Accepting his Golden Globe award for best foreign-language film, the South Korean director of Parasite Bong Joon-ho dropped a manifesto of sorts when he declared “once you overcome the one-inch tall barrier of subtitles, you will be introduced to so many more amazing films”. People – or at least Academy voters – seemed to be listening, Parasite going on to make history when it became the first non-English language film to win the Best Picture Oscar.
Sweetheart of the Romanian new wave Corneliu Porumboiu was also at one point an Oscar hopeful for this year; his eleventh film as director The Whistlers was selected as the Romanian entry in the Best International Feature Film category, but did not make the nominations list. In a sense, this is perhaps not surprising, as it is hardly Porumboiu’s most explicitly ‘political’ film in the way that we now typically expect contemporary Romanian cinema to be. But to dismiss it as somehow therefore comparatively lightweight does both Porumboiu and the film itself a great disservice; as much of a genre romp as it is, like Bong Porumboiu is determined to challenge audiences, not just regarding the “one-inch tall barrier of subtitles”, but about the function and form of language itself.

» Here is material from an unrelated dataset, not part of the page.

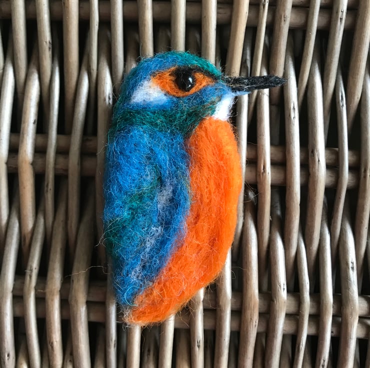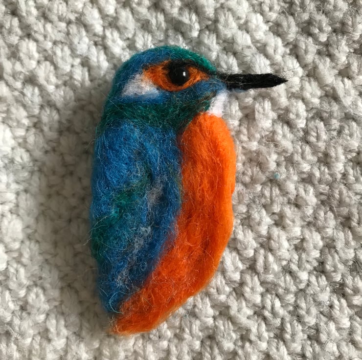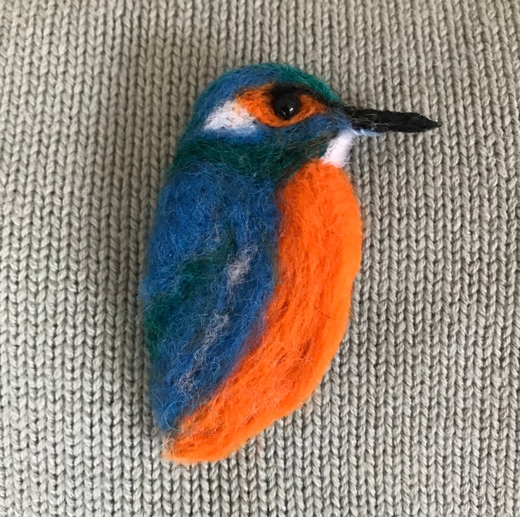 Needle felted kingfisher brooch . Colourful wearable art to brighten up a scarf or sweater.

On the surface, The Whistlers is a straightforward enough heist film with a twist that verges on quirky. Corruption and double-crossing reign supreme, the film’s protagonist Cristi (Vlad Ivanov) an unapologetically bent cop who finds himself in the Canary Islands to help a notorious businessman escape police custody with the help of the crook’s girlfriend, the suitably noir-named femme fatale Gilda (Catrinel Marlon). But the police on the small island of La Gomera are hardly above reproach themselves, a dizzying mise-en-abyme forming around the seemingly never-ending circle of surveillance operations, double-takes and deceptive personae.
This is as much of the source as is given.